1. Diagnosis is clinical, supported by EMG/NCS: EMG shows widespread denervation (fibrillations, positive sharp waves) and reinnervation (large motor unit potentials) in multiple body regions; NCS shows normal sensory responses.
2. Apply El Escorial criteria for diagnosis: requires evidence of UMN and LMN degeneration in multiple body regions (bulbar, cervical, thoracic, lumbosacral) with progressive spread, and exclusion of other causes.
3. Rule out treatable mimics: check for anti-GM1 antibodies (multifocal motor neuropathy), acetylcholine receptor antibodies (myasthenia gravis), and consider MRI of brain/spine to exclude structural lesions.

1. Riluzole (glutamate antagonist) is FDA-approved and modestly prolongs survival (~2–3 months). Edaravone (antioxidant) may slow functional decline in some patients.
2. Respiratory support: nocturnal BiPAP for early respiratory failure; tracheostomy with mechanical ventilation for patients who choose invasive support. Monitor FVC regularly.
3. Nutritional support: PEG tube placement when dysphagia impairs nutrition (before FVC drops too low for safe procedure).
4. Symptomatic care: physical therapy for mobility, speech therapy for communication aids, medications for spasticity (baclofen), cramps (quinine), sialorrhea (glycopyrrolate), and pseudobulbar affect (dextromethorphan/quinidine).
5. Multidisciplinary care at an ALS center improves quality of life and may extend survival.

• The hallmark of ALS is combined UMN and LMN signs in the same limb or region – this rules out most other conditions.
• Split hand sign: preferential wasting of thenar muscles (lateral hand) compared to hypothenar (medial hand) is characteristic of ALS.
• Sensory sparing: if sensory symptoms are present, reconsider the diagnosis – ALS does not affect sensory neurons.

• Rapidly progressive weakness with both UMN and LMN signs in multiple regions – consider ALS and refer urgently to neurology.
• Respiratory symptoms (orthopnea, morning headaches from CO₂ retention) indicate advanced disease – arrange pulmonary function testing and discuss ventilatory options.
• Weight loss and dysphagia signal need for early PEG tube placement before respiratory function declines further.
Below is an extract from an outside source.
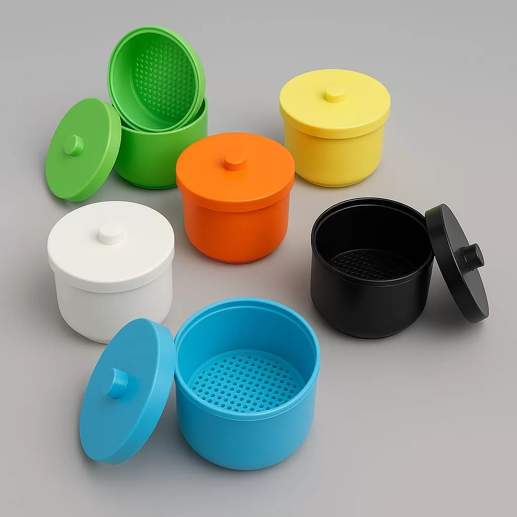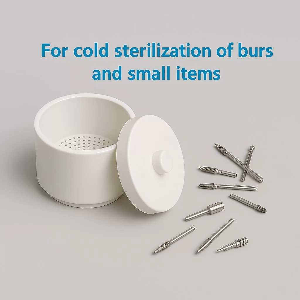ویژگیهای کلیدی این محصول شامل درب محکم با قفل آسان، ظرفیت مناسب برای تعداد زیادی فرز، و سازگاری با فرآیندهای استریلاسیون استاندارد (مانند اتوکلاو) است.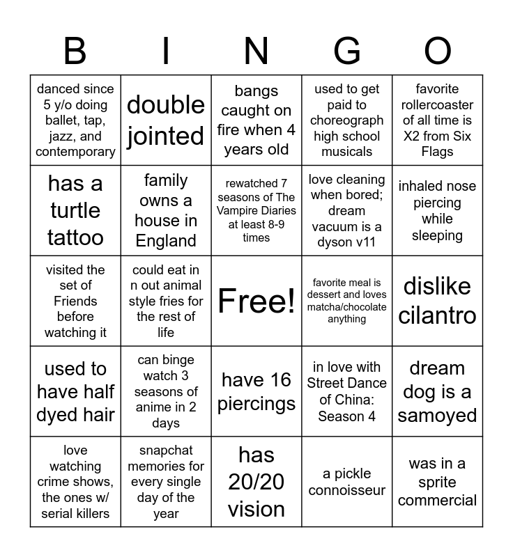 This bingo card has a free space and 30 words: snapchat memories for every single day of the year, almost burned the university apartment down b/c of a candle, could eat in n out animal style fries for the rest of life, working on a personal blog documenting educational progress, danced since 5 y/o doing ballet, tap, jazz, and contemporary, bangs caught on fire when 4 years old, family owns a house in England, have 16 piercings, favorite meal is dessert and loves matcha/chocolate anything, has 20/20 vision, dislike cilantro, was in a sprite commercial, a pickle connoisseur, broke ring finger while playing dodgeball in 5th grade, inhaled nose piercing while sleeping, eat poke/sushi at least once a week, in love with Street Dance of China: Season 4, used to have half dyed hair, can binge watch 3 seasons of anime in 2 days, favorite rollercoaster of all time is X2 from Six Flags, visited the set of Friends before watching it, eat dumplings with ketchup, double jointed, love cleaning when bored; dream vacuum is a dyson v11, has a turtle tattoo, used to get paid to choreograph high school musicals, dream dog is a samoyed, love watching crime shows, the ones w/ serial killers, rewatched 7 seasons of The Vampire Diaries at least 8-9 times and has pet wolves.

1. Progressive asymmetric weakness with both UMN and LMN signs, normal sensation → suspect ALS.
2. Perform EMG/NCS to confirm widespread denervation in multiple body segments with normal sensory responses.
3. Exclude mimics: MRI of brain/spine, anti-GM1 antibodies, acetylcholine receptor antibodies, thyroid function, B12.
4. Apply El Escorial criteria for diagnosis; refer to ALS specialty center for confirmation and multidisciplinary management.
5. Initiate disease-modifying therapy (riluzole), monitor respiratory function (FVC), and provide symptomatic and supportive care.

• Middle-aged patient with progressive weakness, muscle wasting and fasciculations in the hands, hyperreflexia, and Babinski signs → ALS (combined UMN and LMN signs).
• Patient with dysarthria, dysphagia, tongue fasciculations, and brisk jaw jerk → bulbar-onset ALS.
• ALS patient with inappropriate laughing/crying episodes → pseudobulbar affect (treat with dextromethorphan/quinidine).